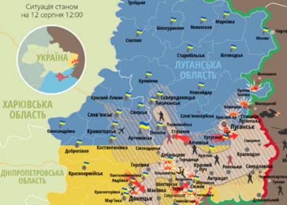 Актуальная карта боевых действий в зоне АТО по состоянию на 12 августа
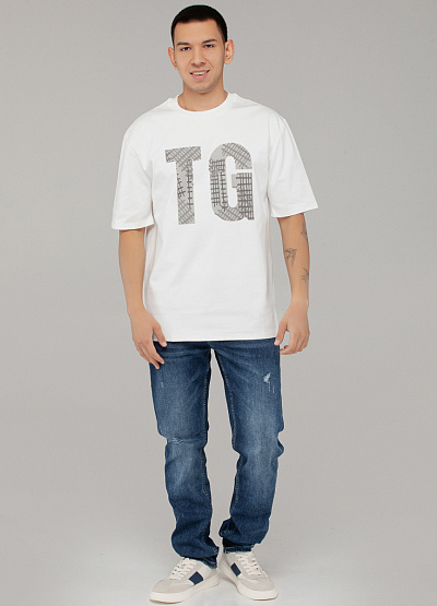 • Мужская белая футболка с принтом TG — контраст, который работает на стиль
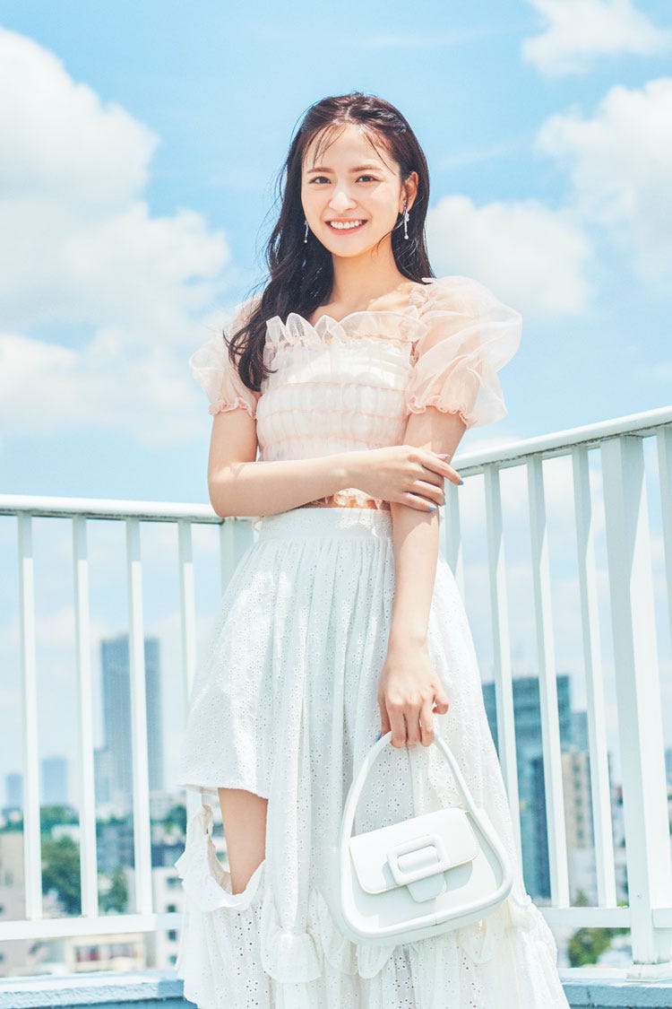 アシンメトリースカートは着回し。シアートップス 14,300円/The Girls Society イヤリング 3,630円/Phoebe 白バッグ 7,480円/レイ ビームス(レイ ビームス 新宿) 撮影/女鹿成二(モデル)、上田祐輝(静物) スタイリング/稲葉有理奈(KIND) ヘア&メイク/サイオチアキ(Lila) モデル/金川紗耶(本誌専属) 文/柿沼奈々子
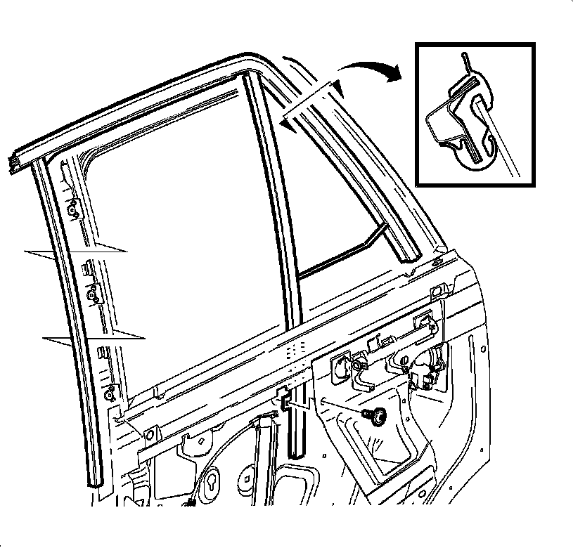 3. Remove the rear door window weatherstrip run channel assembly. Refer to Window Weatherstrip Run Channel Assembly Replacement - Rear (Window Weatherstrip Run Channel Assembly Replacement - Rear).
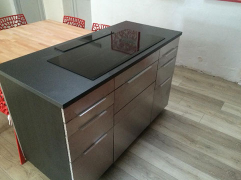 L'ilôt central avec plaque de cuisson à induction et hotte
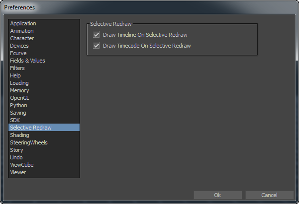 The Draw Timeline On Selective Redraw option lets you specify whether the Timeline is updated. Activate this option to update the timeline. Disable it to achieve faster frame rates by skipping the automatic Timeline update. This option is active by default.
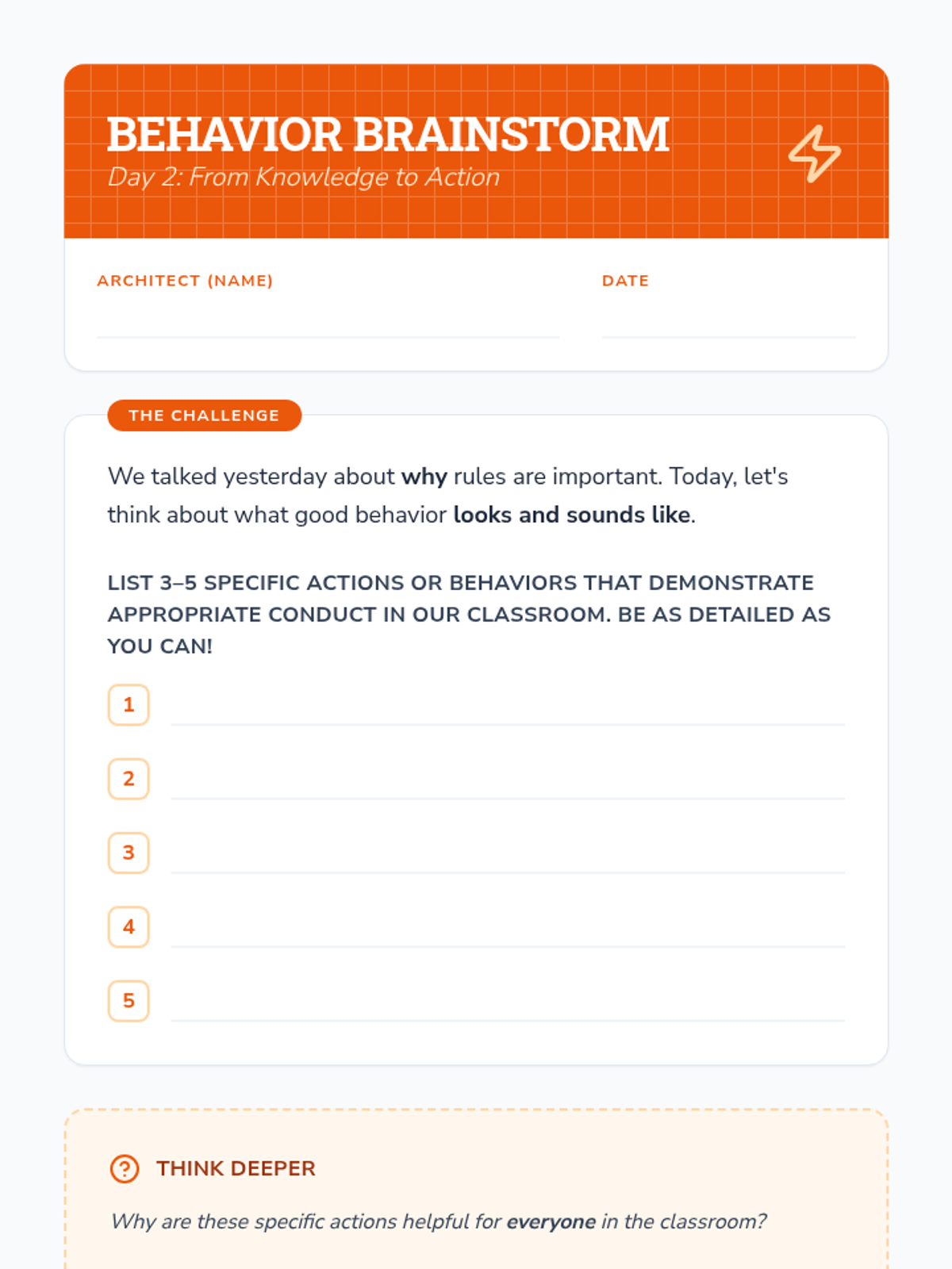 A 5-part journey into building positive mental habits, focusing on gratitude, mindfulness, and kindness through an architectural lens. Students act as 'Joy Architects' to design their own daily well-being routines.
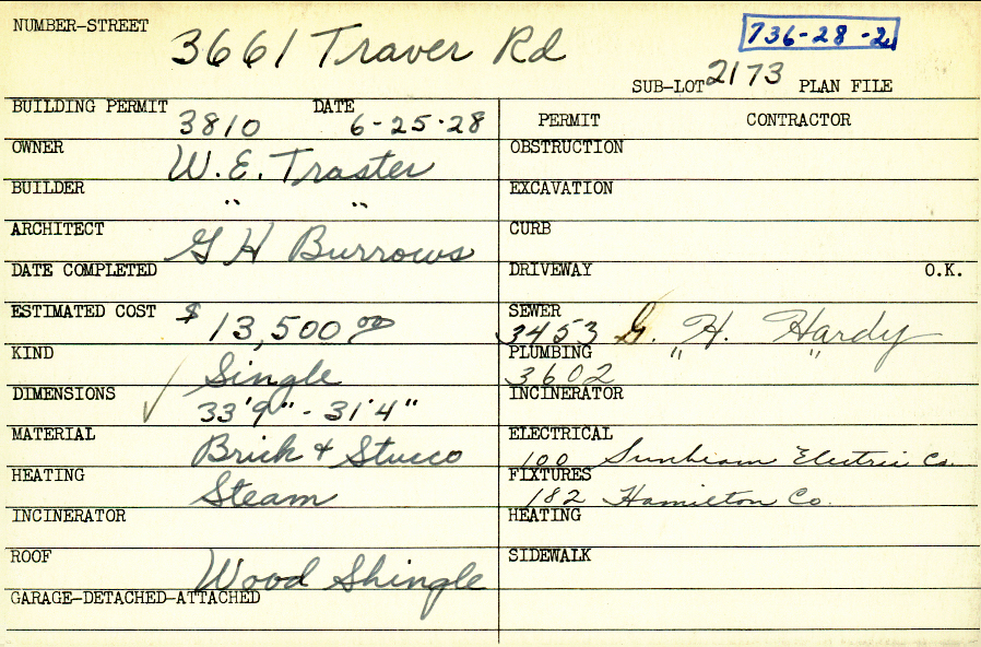 3661 Traver Road Shaker Heights, OH 44122 PARCEL ID: 736-28-002 Building Permit Date: 06-25-1928 Plan File Number: 5131 all scanned Microfilm Roll: Roll070 Neighborhood: Sussex Owner: Traster, W. E. Builder: Traster, W. E. Architect: Burrows, G. H. Estimated Cost: 13500 Kind: Single, Single Residence or Dwelling Material: Brick and Stucco Heating: Steam Roof: Wood Shingle Blueprints: online, see link above |
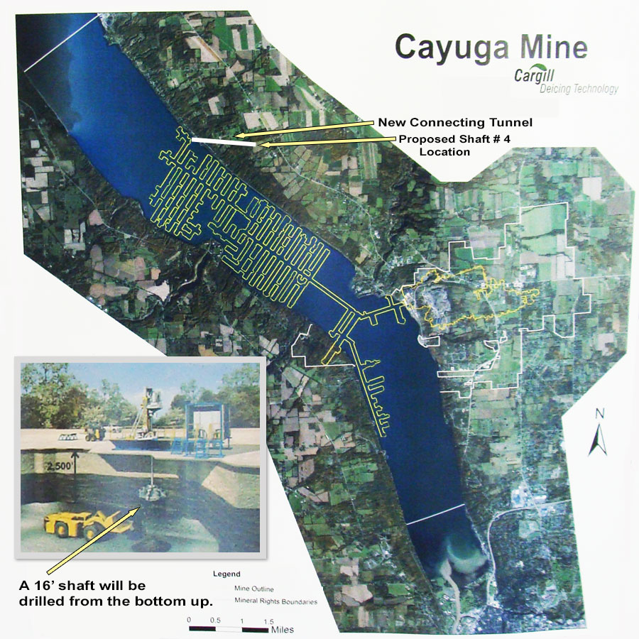 Most of the Cayuga Salt Mine is under Cayuga Lake. (Graphics courtesy of Cargill)"This might be new information for some," he said yesterday. "I don't believe it's new information for Cargill or their geologists for the past 15 years. Those things have been considered. I attended the CLEAN meeting just to make sure that there was no information that came to light that we hadn't considered. I left that meeting quite confident that we had, indeed, done that."He added, "We're always looking 25 to 50 years out. As long as the constituents are going to rely for their safety on road salt Cargill is going to want to be a responsible provider of that. Part of the reason there is so much knowledge is the work Cargill has done from the geological evaluation that goes all the way up there. We're very aware of all the potential issues that could arise. Therefore we're doing mining changes and whatever is necessary to make sure that whatever they fear might happen, we don't cause."

┄┄┄┄┄┄┄┄┄┄

Each record should be written out again exactly, though without its pictures.

_RESULT FOR THIS EXERCISE:_
 Актуальная карта боевых действий в зоне АТО по состоянию на 12 августа
 • Мужская белая футболка с принтом TG — контраст, который работает на стиль
 アシンメトリースカートは着回し。シアートップス 14,300円/The Girls Society イヤリング 3,630円/Phoebe 白バッグ 7,480円/レイ ビームス(レイ ビームス 新宿) 撮影/女鹿成二(モデル)、上田祐輝(静物) スタイリング/稲葉有理奈(KIND) ヘア&メイク/サイオチアキ(Lila) モデル/金川紗耶(本誌専属) 文/柿沼奈々子
 3. Remove the rear door window weatherstrip run channel assembly. Refer to Window Weatherstrip Run Channel Assembly Replacement - Rear (Window Weatherstrip Run Channel Assembly Replacement - Rear).
 L'ilôt central avec plaque de cuisson à induction et hotte
 The Draw Timeline On Selective Redraw option lets you specify whether the Timeline is updated. Activate this option to update the timeline. Disable it to achieve faster frame rates by skipping the automatic Timeline update. This option is active by default.
 A 5-part journey into building positive mental habits, focusing on gratitude, mindfulness, and kindness through an architectural lens. Students act as 'Joy Architects' to design their own daily well-being routines.
 3661 Traver Road Shaker Heights, OH 44122 PARCEL ID: 736-28-002 Building Permit Date: 06-25-1928 Plan File Number: 5131 all scanned Microfilm Roll: Roll070 Neighborhood: Sussex Owner: Traster, W. E. Builder: Traster, W. E. Architect: Burrows, G. H. Estimated Cost: 13500 Kind: Single, Single Residence or Dwelling Material: Brick and Stucco Heating: Steam Roof: Wood Shingle Blueprints: online, see link above |
 Most of the Cayuga Salt Mine is under Cayuga Lake. (Graphics courtesy of Cargill)"This might be new information for some," he said yesterday. "I don't believe it's new information for Cargill or their geologists for the past 15 years. Those things have been considered. I attended the CLEAN meeting just to make sure that there was no information that came to light that we hadn't considered. I left that meeting quite confident that we had, indeed, done that."He added, "We're always looking 25 to 50 years out. As long as the constituents are going to rely for their safety on road salt Cargill is going to want to be a responsible provider of that. Part of the reason there is so much knowledge is the work Cargill has done from the geological evaluation that goes all the way up there. We're very aware of all the potential issues that could arise. Therefore we're doing mining changes and whatever is necessary to make sure that whatever they fear might happen, we don't cause."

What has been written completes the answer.